** Provided data follows **

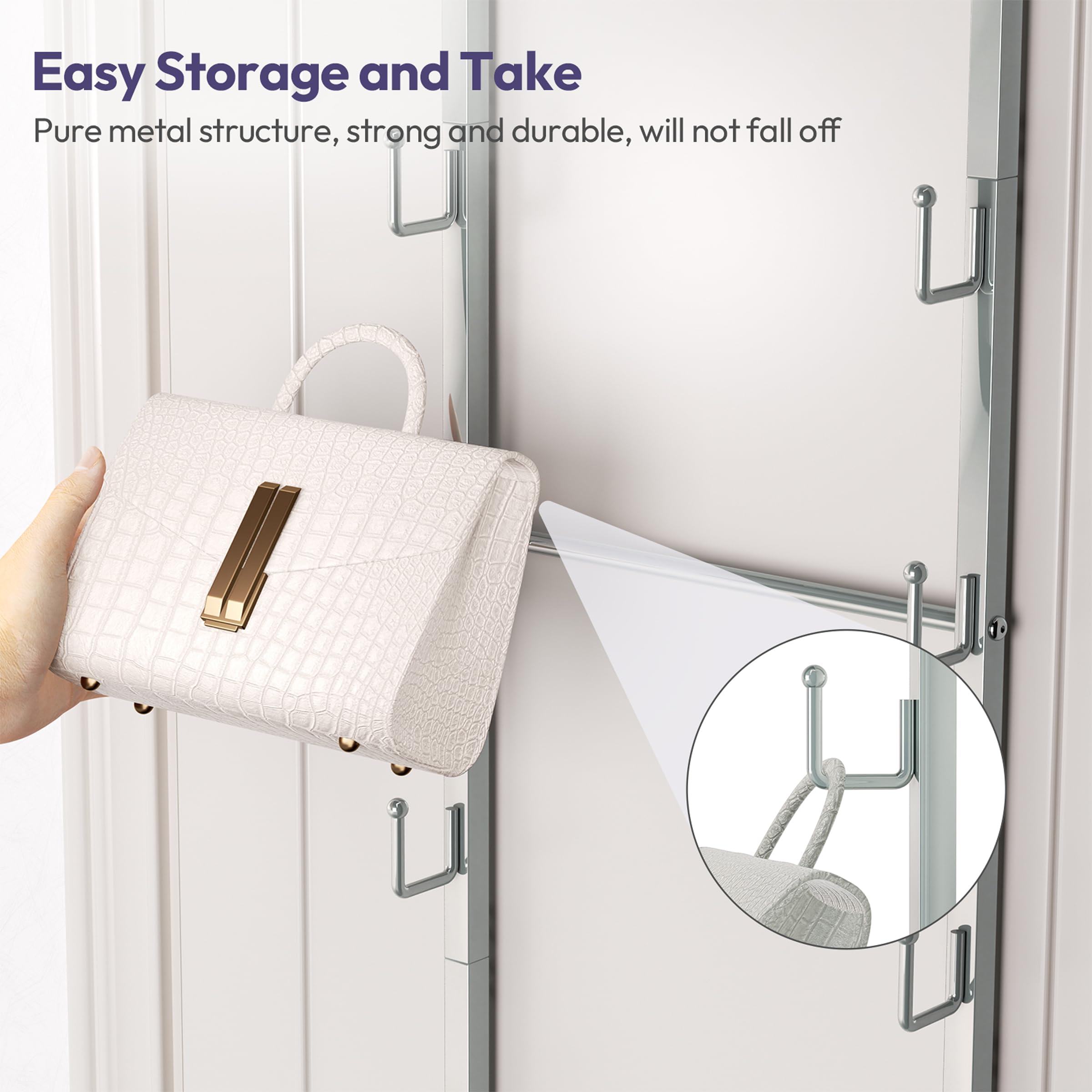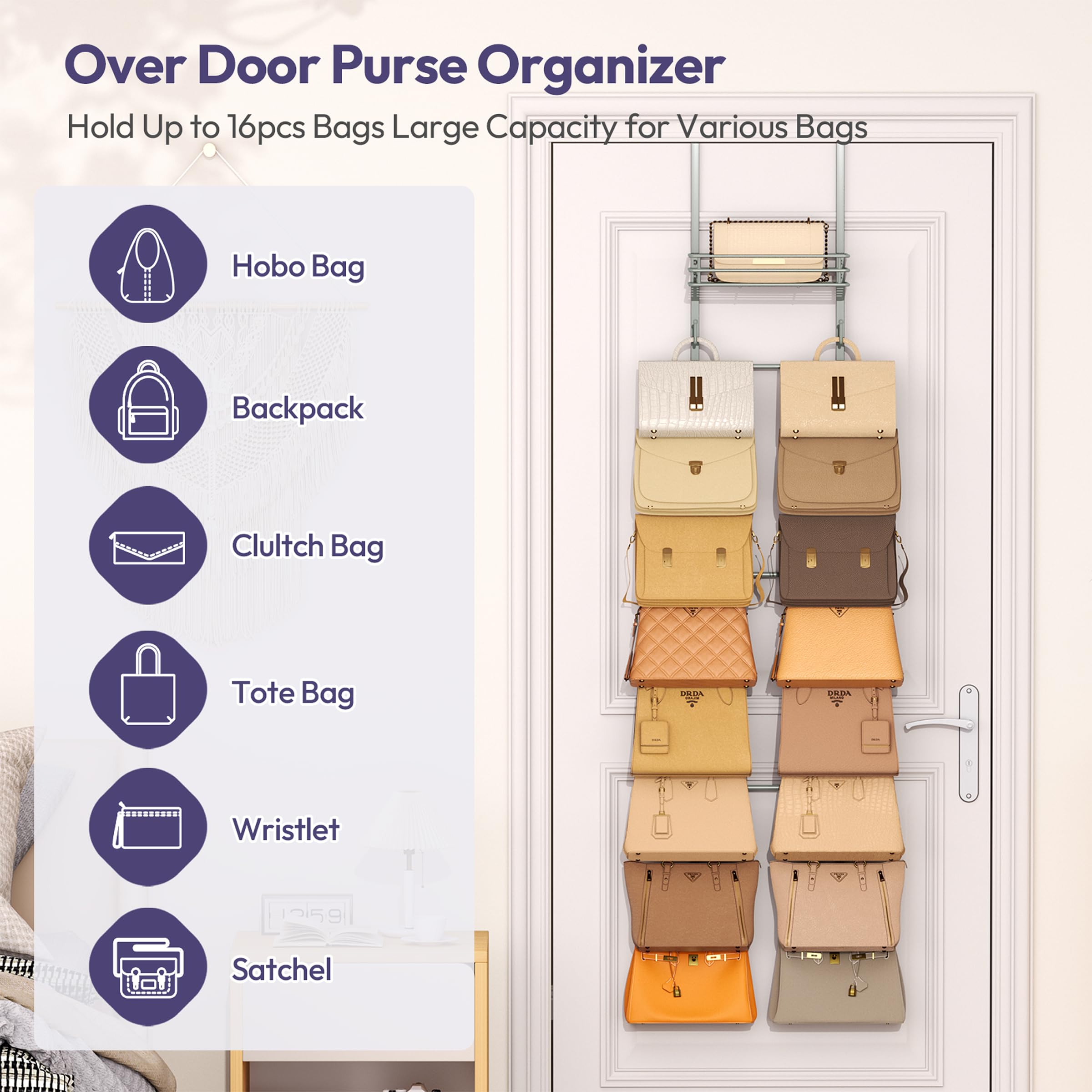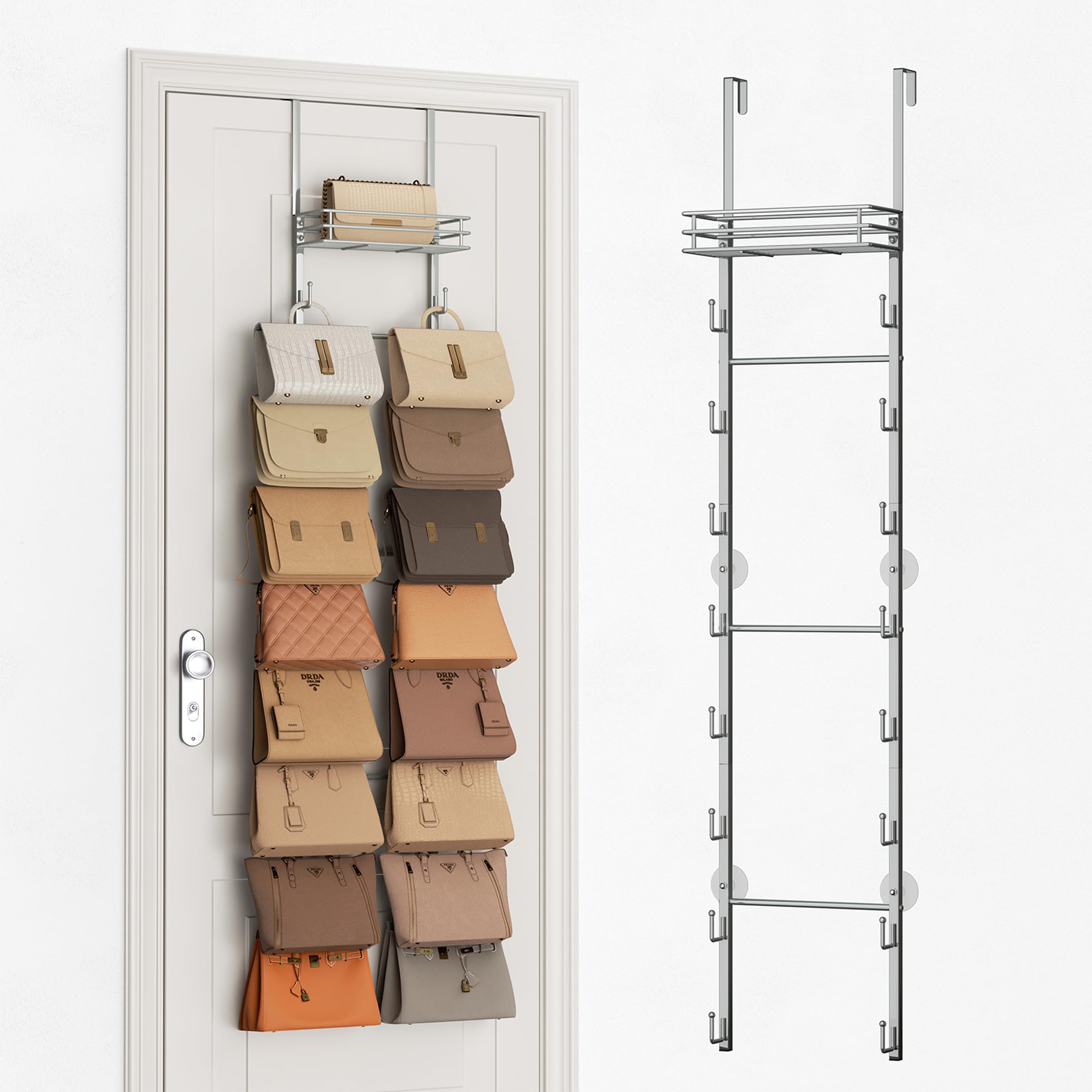 [Secure and Stable]: The over the door handbag organizer includes anti-sway adhesive pads prevents swinging or sliding. Use it as a purse holder for closet or a dependable vertical rackβit keeps everything in place, whether holding a small purse organizer or larger totes
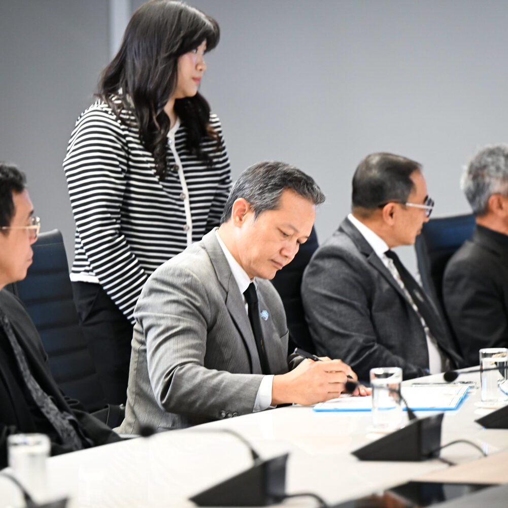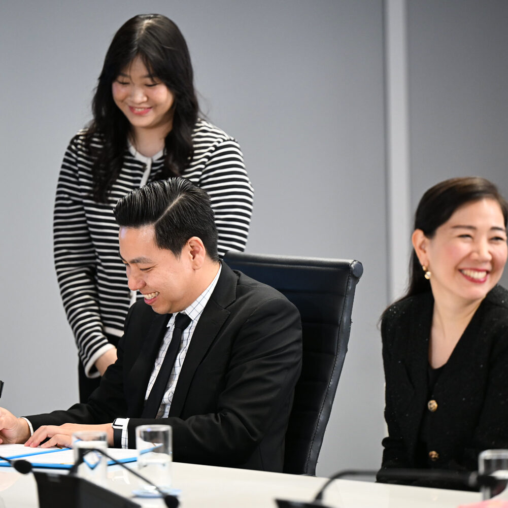 ภายในพิธี รองศาสตราจารย์ ดร.ธนวรรธน์ พลวิชัย อธิการบดีมหาวิทยาลัยหอการค้าไทย ลงนามร่วมกับ ผู้ช่วยศาสตราจารย์ วิษณุ วงศ์สินศิริกุล เลขาธิการคณะกรรมการการแข่งขันทางการค้า โดยมี ผู้ช่วยศาสตราจารย์ ดร.ประพันธ์พงษ์ ขำอ่อน คณบดีคณะนิติศาสตร์ และ นายมนยศ วรรธนะภูติ รองเลขาธิการคณะกรรมการการแข่งขันทางการค้า ร่วมเป็นสักขีพยาน พร้อมคณาจารย์คณะนิติศาสตร์ ณ ห้องประชุมสภามหาวิทยาลัย อาคาร 24 ชั้น 15 เมื่อวันที่ 17 พฤศจิกายน 2568
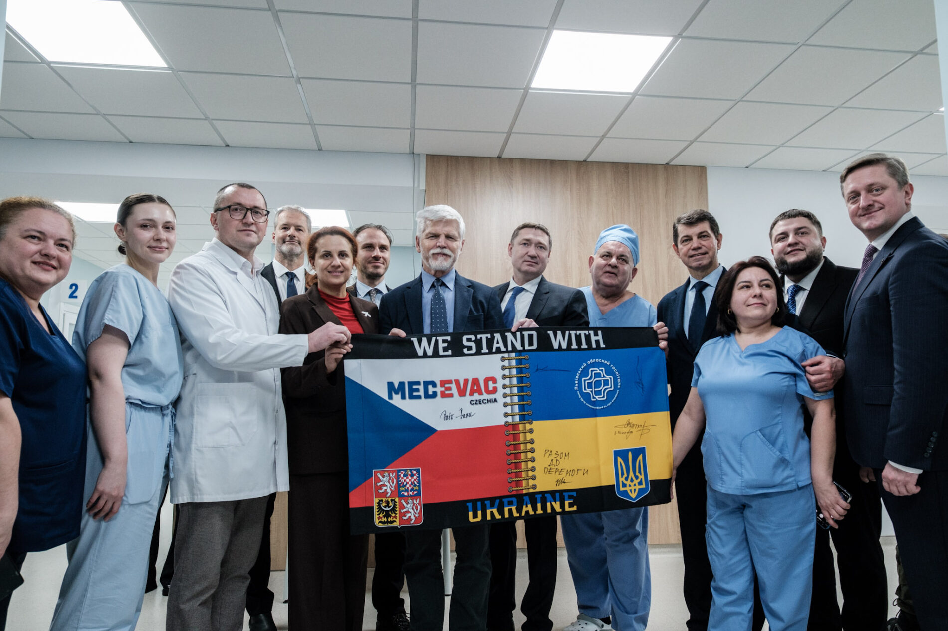 Спільно чеські гості, урядовці, представники обласної влади та медики підписали прапори місії MEDEVAC: один із них передали Президенту Чехії, інший залишили в госпіталі як символ партнерства та пам’ять про візит високого гостя.
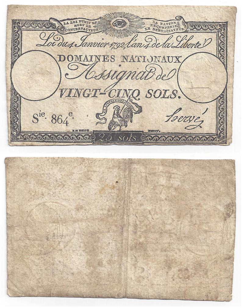 French 25 Sol Note, 1792. Domaines nationaux. Assignat vingt-cinq sols, payable au porteur. Loi Du 4 Janvier 1792. Serie 864e. Nearly uncirculated, light staining. 4 x 2.5 inches.
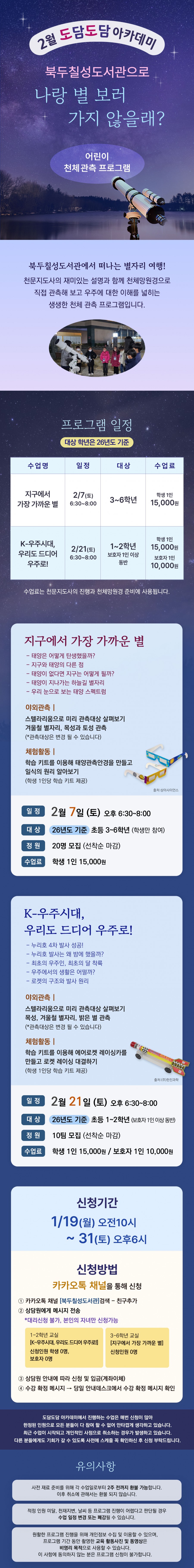 예정 2월 도담도담 아카데미) 북두칠성도서관으로 나랑 별보러 가지 않을래?
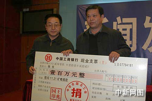 中新網(wǎng)鶴崗11月22日電 (記者 吳兆飛)中華全國總工會22日向鶴崗礦難遇難礦工家屬捐贈100萬元,中華全國總工會副主席、書記處書記張鳴起在捐贈儀式上還呼吁重視生產(chǎn)安全。此外,黑龍江和鶴崗的工會部門也同時分別捐贈了50萬元和10萬元。

** End of Provided data **

**Task goal**
All that is needed is the lines from the line holding "French 25 Sol" to the final line of the listing above, repeated exactly, pictures excluded.

**Task result**
 French 25 Sol Note, 1792. Domaines nationaux. Assignat vingt-cinq sols, payable au porteur. Loi Du 4 Janvier 1792. Serie 864e. Nearly uncirculated, light staining. 4 x 2.5 inches.
 예정 2월 도담도담 아카데미) 북두칠성도서관으로 나랑 별보러 가지 않을래?
 中新網(wǎng)鶴崗11月22日電 (記者 吳兆飛)中華全國總工會22日向鶴崗礦難遇難礦工家屬捐贈100萬元,中華全國總工會副主席、書記處書記張鳴起在捐贈儀式上還呼吁重視生產(chǎn)安全。此外,黑龍江和鶴崗的工會部門也同時分別捐贈了50萬元和10萬元。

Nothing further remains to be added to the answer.